Finding Maximum Sum in Triangle ( excellent Dynamic programming )

By starting at the top of the triangle below and moving to adjacent numbers on the row below, the maximum total from top to bottom is 23.

3
7 4
2 4 6
8 5 9 3

That is, 3 + 7 + 4 + 9 = 23.


The problem required us to determine the maximum sum for any given triangle. Also an interesting thing is mentioned about the problem, in case you were considering a brute force method of checking every path:

It is not possible to try every route to solve this problem (where the base of the triangle has 100 numbers), as there are 2^(99) altogether! If you could check one trillion (10^(12)) routes every second it would take over twenty billion years to check them all. There is an efficient algorithm to solve it.

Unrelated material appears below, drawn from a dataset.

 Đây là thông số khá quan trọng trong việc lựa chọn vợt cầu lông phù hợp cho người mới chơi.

This problem was not as tricky as they tried to sound it. The solution is quite easy to see. I’ll run you through the idea as it formed in my mind. I used the top-to-bottom approach for forming the idea and coming up with the solution, and then implemented the solution in bottom-to-top sweep. I hope you have realized that a greedy solution will not work here.

Consider the triangle given above. I’ll work out the maximum path for it from top to bottom. We start with 3. We may choose either 7 or 4. To help make this choice, consider the two triangles with apex 7 and the other with 4. So we have two smaller triangles of height 3 each. Say the maximum length for the triangle with apex 7 is x and with apex 4 is y. If x > y, we choose 7 as the next on the path, else 4.

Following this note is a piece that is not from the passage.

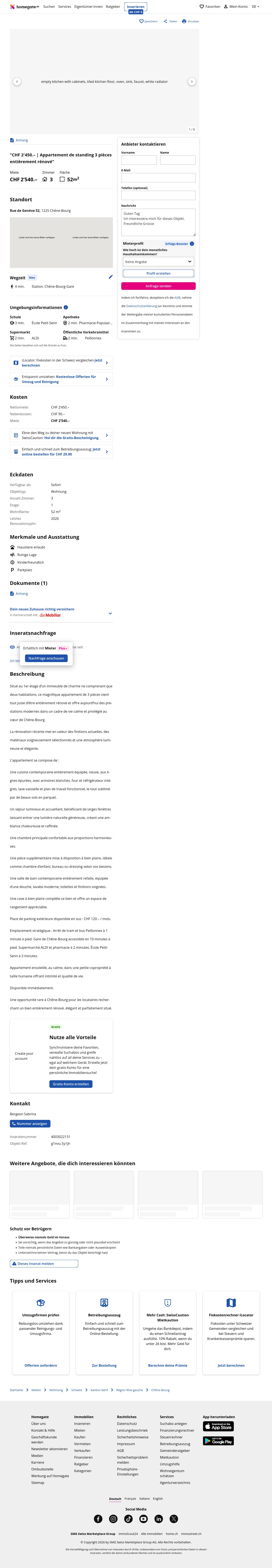 This 3.0-room apartment on the 1st floor of a small building with only two dwellings was completely renovated and offers modern fittings in a quiet, privileged living environment in the heart of Chêne-Bourg (1225).

Thus, at every step we form two triangle of height 1 smaller, and choose the apex which has the larger sum. Implemented as it is will give us the recursive solution.

input triangle -->

int arr[][]= {{3},
         {7,4},
         {2,4,6},
         {8,5,9,3}};

we create a array according to given  given triangle . and fill the value according .

int array[][]={{0},
           {0,0},
           {0,0,0},
           {0,0,0,0}};

if(j==0)
 array[i][j]=array[i-1][j]+arr[i][j] ;
else
     if(j==array[i].length-1)
         array[i][j] = array[i-1][j-1]+arr[i][j] ;
      else
         array[i][j] = max(array[i-1][j-1],array[i-1][j])+arr[i][j] ;


after this we find the maximum value in the last row . and that is the answer . :D

code ---->

class TriangalSum{

static int max(int a,int b){
return a>b?a:b ;
}

static void maxSum(int arr[][]){

  int max ;
  int array[][]=new int[arr.length][];

for(int i=0;i<arr.length ;i++)
    array[i]= new int[arr[i].length];

  array[0][0]=arr[0][0];

for(int i=1;i<array.length ;i++){
for(int j=0;j<array[i].length ;j++){
 
if(j==0)
array[i][j]=array[i-1][j] + arr[i][j];
else{
  if(j==array[i].length - 1)
     array[i][j]=array[i-1][j-1] + arr[i][j];
 else
    array[i][j] = max(array[i-1][j],array[i-1][j-1]) +arr[i][j] ;

  }
   }
}
max=array[array.length-1][0];

for(int i=1;i<array[array.length-1].length ;i++){
      if(array[array.length-1][i] > max)
  max  = array[array.length-1][i];
}

System.out.println("max sum is =" + max);
  }

public static void main(String s[]){
 
int arr[][]= {{3},
             {7,4},
 {2,4,6},
 {8,5,9,3}};
      maxSum(arr);    
}
}